Zawody PŚ w Wiśle przez pewien czas były zagrożone ze względu na trudności z przygotowaniem skoczni - wysokie temperatury nie pozwalały nawet na uruchomienie armatek śnieżnych, nie mówiąc już nawet o naturalnych opadach. Na szczęście starania organizatorów (m.in. kilkadziesiąt ciężarówek śniegu przywiezionego z Chochołowa) przyniosły zamierzony skutek i zawody udało się rozegrać.

- W tej chwili mogę z czystym sumieniem powiedzieć, że wreszcie oddycham pełną piersią - cieszy się Andrzej Wąsowicz. - Zmęczenie jest niesamowite, ale satysfakcja również. Robiliśmy to dla tych kibiców i zawodników. Pomogły nam dwie mroźne noce, kiedy użyliśmy armatek.
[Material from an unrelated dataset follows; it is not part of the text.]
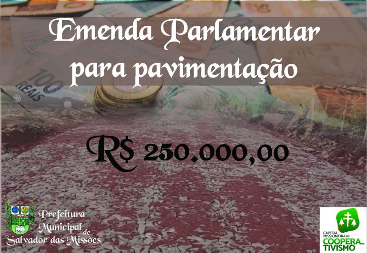 O recurso é do MAPA - Ministério da Agricultura, Pecuária e Abastecimento e será utilizado para pavimentação com pedras irregulares (calçamento) nas estradas do interior.

Jedynym mankamentem była barwa śniegu, ale nie dało się go przewieźć tak, żeby był biały.

Warto wspomnieć, że przygotowany do skakania obiekt imienia Adama Małysza będzie nadal wykorzystywany również po zawodach PŚ:

- Zawody zakończyły się szczęśliwie, co niewątpliwie jest naszym sukcesem, ale tutaj już od jutra będą trenować nasi skoczkowie - to ważne, że można skakać na dobrze przygotowanym obiekcie przy braku innych skoczni - zaznacza wiceprezes PZN.

Wąsowicz jest już po wstępnych rozmowach z komisją sędziowską, która również jest zadowolona z przygotowania skoczni:

- Oceny jury były bardzo pozytywne i z tego się cieszę - zakończył.